Methods Data collection Proteasomal in vitro cleavage patterns were derived from a digestion of HIV-1 peptides with constitutive or immunoproteasomes, as explained in (Peters et al. 2002). Sixteen peptides from the HIV-1 proteins GAG and TAT, with a length of 17 to 30 amino acids, were degraded. After 0, 1, 2, 4, 8, and 24 h of degradation, peptide fragments were analyzed using mass spectrometry (as in Peters et al. (2002)). To avoid analyzing secondary cleavage products, peptide fragments found after 4 h of degradation were used to infer cleavage sites. Of 368 possible cleavage sites, 150 were efficiently cleaved by the immunoproteasome after 4 h and 148 were efficiently cleaved by the constitutive proteasome; 103 sites (69 %) were shown to be cleaved by both proteasome subtypes (Supplementary Table S1). The ProteaSMM proteasome cleavage predictors require six amino acids N-terminal and four amino acids C-terminal of a possible cleavage site. Therefore, cleavage predictions cannot be made at the beginning and end of a peptide sequence. As a result of this limitation, only 240 (of the 368) sites could be used to compare the different proteasome predictions. Of these 240 sites, 99 were efficiently cleaved by the immunoproteasome and 99 were efficiently cleaved by the constitutive proteasome; 68 sites were put in both sets. In vivo cleavage sites were inferred from MHC-I ligand data. Ligands that were identified in MHC-I elution studies were downloaded from the SYFPHEITI database (Rammensee et al. 1999) and the IEDB database (Vita et al. 2010). Source proteins of the MHC-I ligands were downloaded from the NCBI via links that were provided by the SYFPHEITI and IEDB databases. The C-terminal residue of an MHC-I ligand was regarded as position P1’ of a cleavage site (Fig. 2). In total, 3076 MHC-I ligands with their source protein were derived from the SYFPHEITI database and 457 MHC-I ligands with their source protein were derived from the IEDB database. Identical peptides, or peptides that were either a C- or N-terminal extension of each other, were regarded as redundant. In addition, the ligands and their corresponding source proteins that were published before 2005, or which were redundant/identical to an MHC-I ligand published before 2005, were excluded because they could have been used for training of NetChop3.0 Cterm. This filtering resulted in 832 MHC-ligands and their source proteins, of which every MHC-I ligand

91

corresponds to a peptide fragment that is generated by in vivo proteolytic activity (Fig. 1). Detecting in vivo non-cleavage sites based on the absence of a peptide in the MHC-I ligand databases is not possible, as many other reasons might underlie the absence of an MHC-I ligand, e.g., further degradation of the fragment or low affinity to MHC-I molecules. Therefore, non-cleavage sites were generated in two ways: (1) by shuffling of an area of 19 amino acids around the cleavage site (the longest flanking region used by a proteasome predictor method plus one extra amino acid on each side, as indicated in Fig. 2). After shuffling, the middle position, previously corresponding to the cleavage site, was assigned as a noncleavage site.

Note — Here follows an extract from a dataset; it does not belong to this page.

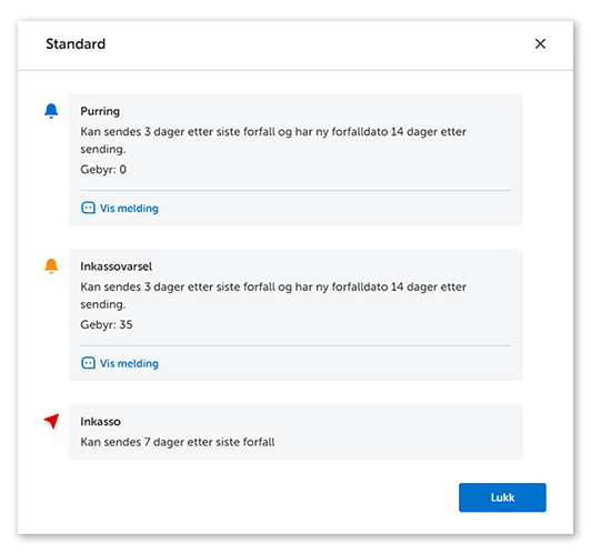 Her kan du velge hvor streng du vil være med kunden og hvor mange påminnelser du vil at kunden skal få før du sender det videre til inkasso.

For every cleavage site, 100 non-cleavage sites were generated, i.e., in total 83.200 non-cleavages sites (Fig. 1). The advantage of this method is that the amino acid frequencies of cleavage and non-cleavage sites remain identical. (2) All sites in the source proteins of the MHC-I ligands, that were not assigned as a cleavage site were assumed to be non-cleavage sites (N = 507.538, Fig. 1).

Prediction performance measures Proteasome cleavage and TAP transport predictions were performed as suggested by the developers of the different prediction methods (Peters et al. 2003; Tenzer et al. 2005; Nielsen et al. 2005). The different proteasome predictors were assessed for their performance in discriminating cleavage from non-cleavage sites. First, the performance of the proteasome predictors was tested using receiver operator characteristic (ROC) curves (Swets 1988). In a ROC curve, true positive proportions (TPP) and false positive predictions (FPP) are plotted on the y- and x-axis, respectively, for every threshold. The area under the ROC curve (AUC) is a measure of the predictor’s performance. If a predictor performs well, the TPPs increase faster than the FPP, and the AUC becomes larger than 0.5; the maximal AUC is 1.0. The AUC can only be determined on a single set of prediction scores. However, we aimed to compare the prediction performance of the proteasome predictors in combination with the TAP transport predictor. Therefore, we developed an alternative performance measure: for every TAP transport prediction value, based on the cleavage and non-cleavage sites that exceeded the TAP transport value (T ), the AUC was determined (AU CT ). If less than 25 cleavage sites or non-cleavage sites exceeded the TAP threshold, it was discarded. A score was derived by integrating over all the AUCs with respect to the TAP threshold values and subsequent normalization by the range of TAP thresholds (1). The resulting score ranges between 0 and 1, a random predictor would score 0.5 and a perfect predictor

92

Immunogenetics (2015) 67:85–93

would score 1, similar to the scores obtained in an AUC analysis. This score reflects the predictive performance of the proteolysis predictor for different data sets which have been selected over a range of possible TAP values. We call this performance measure volume under the plane (VUP):

V UP =

n

i=1 (Ti−1

(Ti−1 −Ti )×(AU CTi−1 −AU CTi ) 2

− Ti ) × AU CTi−1 + Max(T ) − Min(T )

(1)

Statistics Statistical tests were performed using the stats-package from the scipy-module in Python. The difference between AUC/VUP performance measures was determined by deriving AUCs/VUPs on 50 new data sets that were generated by bootstrapping the original data set. The derived AUCs/VUPs were compared using a paired two-tailed t test; p values less than 0.001 were considered significant (as in Tenzer et al. (2005)). We refer to this test as the ROC-comparison test. Acknowledgments We thank Morten Nielsen, Becca Asquith, Bjoern Peters, Berend Snel, Ilka Hoof, Hanneke van Deutekom, and Xiangyu Rao for discussion on this research project and technical support. This study was financially supported by the Netherlands Organization for Scientific Research (www.nwo.nl, Computational Life Sciences Program, grant number 635.100.025), and by Utrecht University (www.uu.nl). The funders had no role in study design, data collection and analysis, decision to publish, or preparation of the manuscript.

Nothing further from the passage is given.